5 reasons I’m glad Yahoo! bought Tumblr.
1. Tumblr needed the runway and support (otherwise they wouldn’t have cashed out, rather than raising another round)
2. Mayer has something to prove. She has to convince the world that she can make Yahoo relevant again. She’s too smart to screw up Tumblr by undermining what it is.
3. Leadership stays the same.
4. The lessons of Flickr and GeoCities are etched on the brain of every Yahoo employee at this point. They won’t fail the same way twice, not at this scale.
5. Tumblr needs some adult supervision. The one step forward, one step back approach to ad / revenue innovations and products, rightly or wrongly, screams ‘no plan’. That’s a perception that needs correcting.

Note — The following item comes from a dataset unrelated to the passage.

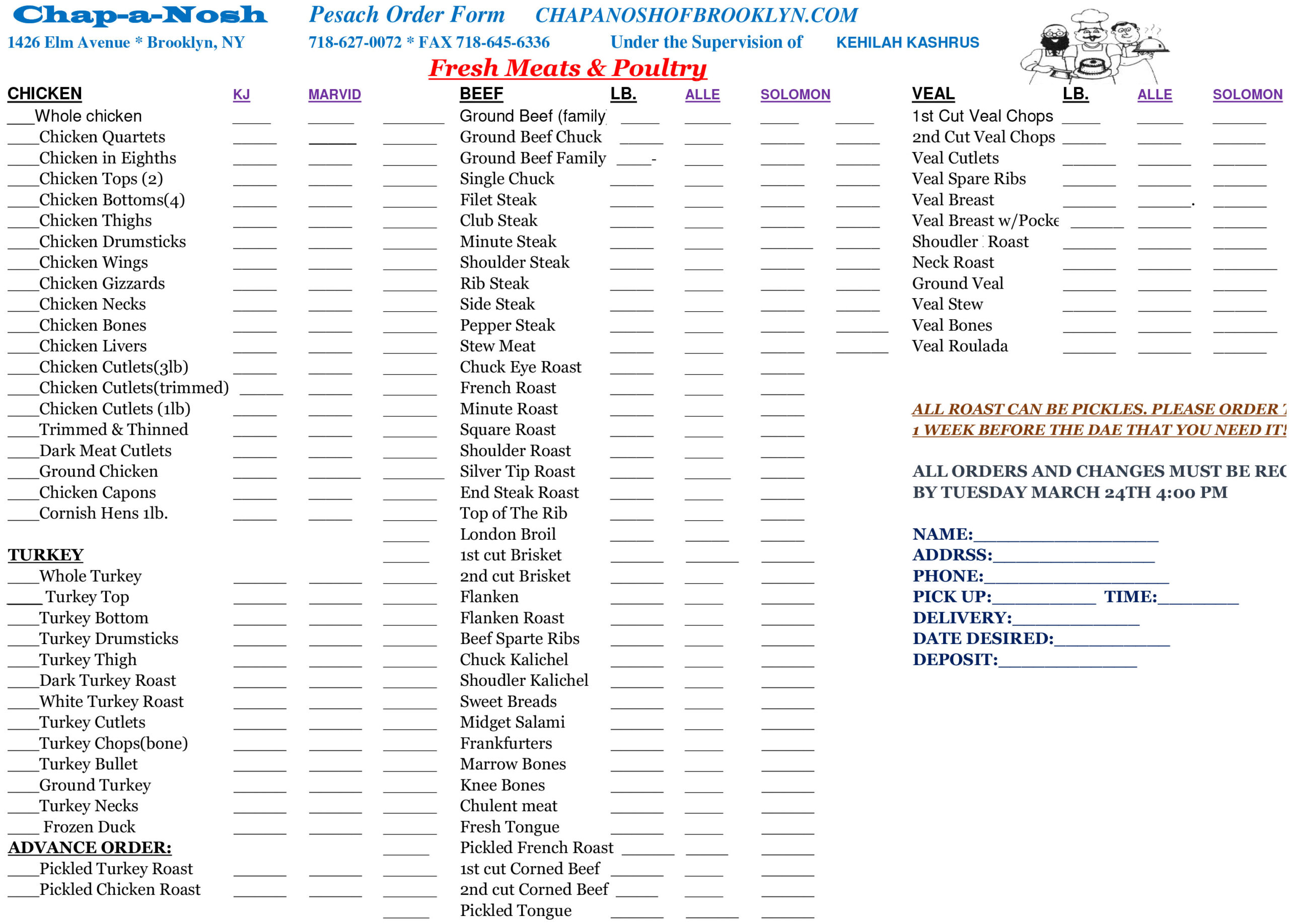 Pesach Order Form Order Online at Chapanoshonline.com |

I’m still very convinced that Tumblr is something important in the internet today. I just don’t think anyone knows what this is yet. The Yahoo buy gives us a chance to find out.
Modes of Notification
I’ve recently started using an Android phone (Nexus 4) for the first time in more than a year. The biggest difference I’ve noticed is how notifications are addressed.
iOS treats notifications with urgency. This can be subtle urgency (a bar at the top of the screen) or disruptive urgency (flashing the screen on from sleep mode to show you the update). This motivates a pattern of responsiveness. An iOS notification wants you aware of it now, and wants you to decide if you’ll address it.

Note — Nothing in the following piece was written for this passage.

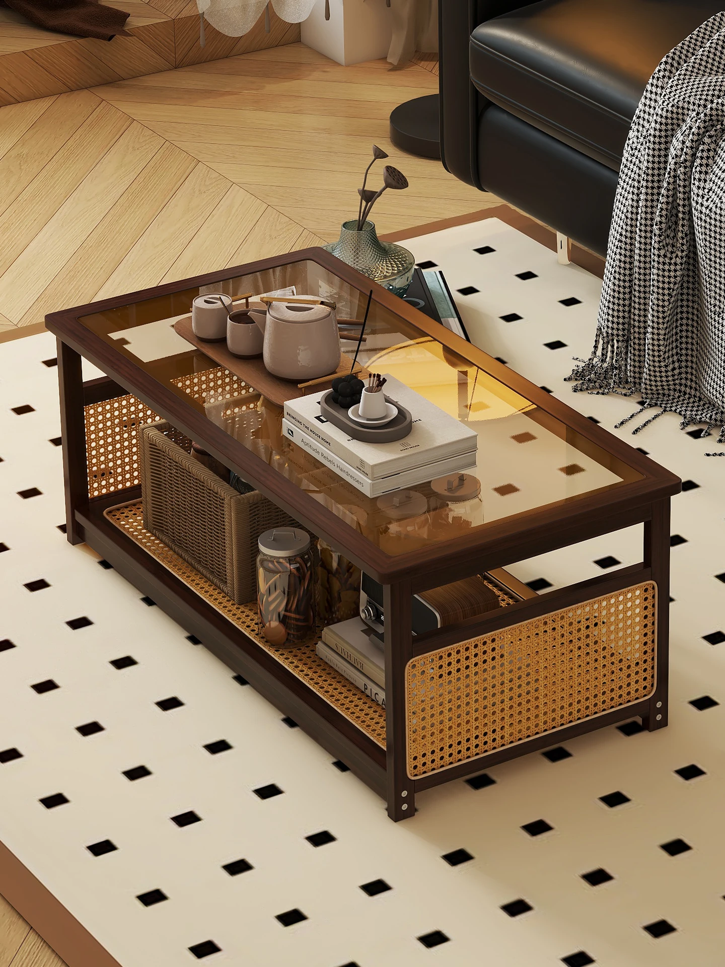 新作!藤編みのリビング用コーヒーテーブル - 長虹ガラス使用のシンプルでスタイリッシュな長方形ダブルレイヤーテーブル、小型住宅に最適!

Android notifications are much less interruptive. They live on the top status bar, changing nothing about the UX when triggered. The sleep mode notification is a small light, flashing almost lazily. The notification menu offers detail and control, but the overall feeling is one of being aware of what has happened, more than being aware of what is happening in the moment.
As a continuous partial attention sufferer, I’ve noticed the switch to Android has improved my focus, but ruined my responsiveness. I have to check to be aware, rather than being aware by default.
Given these systems are intended to offer the same function, and use the same basic elements, I find the differences fascinating.
Finding The Most Important Thing On Earth
Technology doesn’t make me farther away from things. It makes me closer to things.
The issue, however, is that it can make me closer to things that aren’t important, than I am to the people who are sitting next to me. That’s not really a failing of technology, but instead a failing of my ability to prioritize my attention and focus properly.
I’ve been thinking about this a fair bit today, as Paul Miller of the Verge starts his journey back into the internet, after a voluntary year of disconnection.
Something I consider a lot, as a person in the marketing/communications space, is the paralysis of choice. The need to strongly differentiate between everything else in a product category, so when someone’s standing in an aisle or scrolling through Amazon, they have a reason to pick you.
This is the issue most people have with smartphones and social media - even in person, you are competing for someone’s attention with the sum total of human knowledge, between 2 and 5 networks comprising the majority of social connections they have, and probably a book, a dozen saved articles, personal and professional email, and everything else.
It’s both not shocking at all that the phone offers a seductive trap for people who are generally curious, and totally shocking that we’re all taking it so personally.
When you’re with someone, and they look at their phone, they aren’t choosing another person over you for 30 seconds, even though it feels like it. They’re choosing all of the other people, and things, and stories, over you. And that they come back, and feel guilty about it, is stunning.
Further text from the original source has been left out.